Data block →
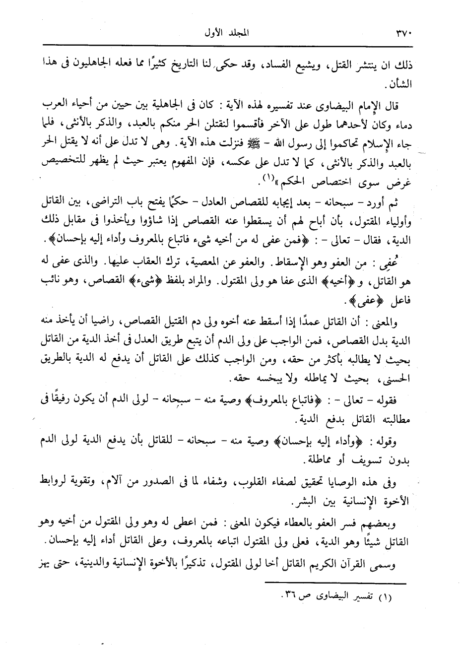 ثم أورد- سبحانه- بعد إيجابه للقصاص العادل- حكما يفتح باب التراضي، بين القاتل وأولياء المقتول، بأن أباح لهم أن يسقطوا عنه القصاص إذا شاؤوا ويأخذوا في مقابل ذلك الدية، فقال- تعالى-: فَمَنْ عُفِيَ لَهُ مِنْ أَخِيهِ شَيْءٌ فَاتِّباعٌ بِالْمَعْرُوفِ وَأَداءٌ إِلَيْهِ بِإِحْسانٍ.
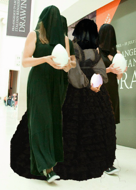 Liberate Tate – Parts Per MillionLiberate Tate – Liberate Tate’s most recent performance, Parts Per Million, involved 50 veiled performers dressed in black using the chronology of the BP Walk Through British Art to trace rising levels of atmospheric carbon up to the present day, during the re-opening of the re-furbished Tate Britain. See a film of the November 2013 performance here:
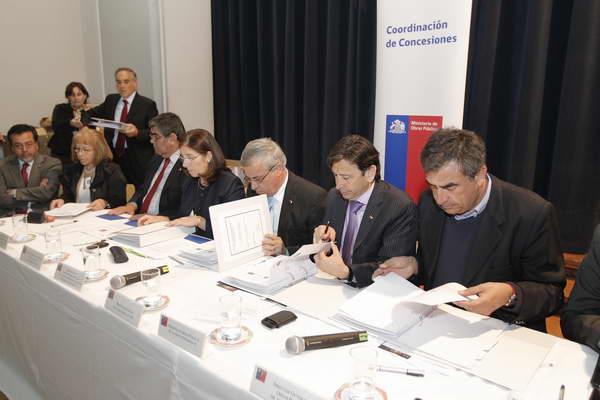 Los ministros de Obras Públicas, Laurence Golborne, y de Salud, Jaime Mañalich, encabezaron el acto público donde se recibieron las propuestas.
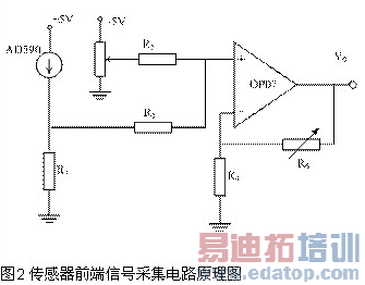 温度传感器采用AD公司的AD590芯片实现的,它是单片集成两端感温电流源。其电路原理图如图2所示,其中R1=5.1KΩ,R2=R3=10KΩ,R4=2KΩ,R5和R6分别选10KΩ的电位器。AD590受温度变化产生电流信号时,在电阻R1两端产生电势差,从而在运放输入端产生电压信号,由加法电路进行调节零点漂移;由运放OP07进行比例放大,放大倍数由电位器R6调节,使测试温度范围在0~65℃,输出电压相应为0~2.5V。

Requirement → In transcribing the listing, keep each word as it is and drop the pictures.

Answer space →
 ثم أورد- سبحانه- بعد إيجابه للقصاص العادل- حكما يفتح باب التراضي، بين القاتل وأولياء المقتول، بأن أباح لهم أن يسقطوا عنه القصاص إذا شاؤوا ويأخذوا في مقابل ذلك الدية، فقال- تعالى-: فَمَنْ عُفِيَ لَهُ مِنْ أَخِيهِ شَيْءٌ فَاتِّباعٌ بِالْمَعْرُوفِ وَأَداءٌ إِلَيْهِ بِإِحْسانٍ.
 Liberate Tate – Parts Per MillionLiberate Tate – Liberate Tate’s most recent performance, Parts Per Million, involved 50 veiled performers dressed in black using the chronology of the BP Walk Through British Art to trace rising levels of atmospheric carbon up to the present day, during the re-opening of the re-furbished Tate Britain. See a film of the November 2013 performance here:
 Los ministros de Obras Públicas, Laurence Golborne, y de Salud, Jaime Mañalich, encabezaron el acto público donde se recibieron las propuestas.
 温度传感器采用AD公司的AD590芯片实现的,它是单片集成两端感温电流源。其电路原理图如图2所示,其中R1=5.1KΩ,R2=R3=10KΩ,R4=2KΩ,R5和R6分别选10KΩ的电位器。AD590受温度变化产生电流信号时,在电阻R1两端产生电势差,从而在运放输入端产生电压信号,由加法电路进行调节零点漂移;由运放OP07进行比例放大,放大倍数由电位器R6调节,使测试温度范围在0~65℃,输出电压相应为0~2.5V。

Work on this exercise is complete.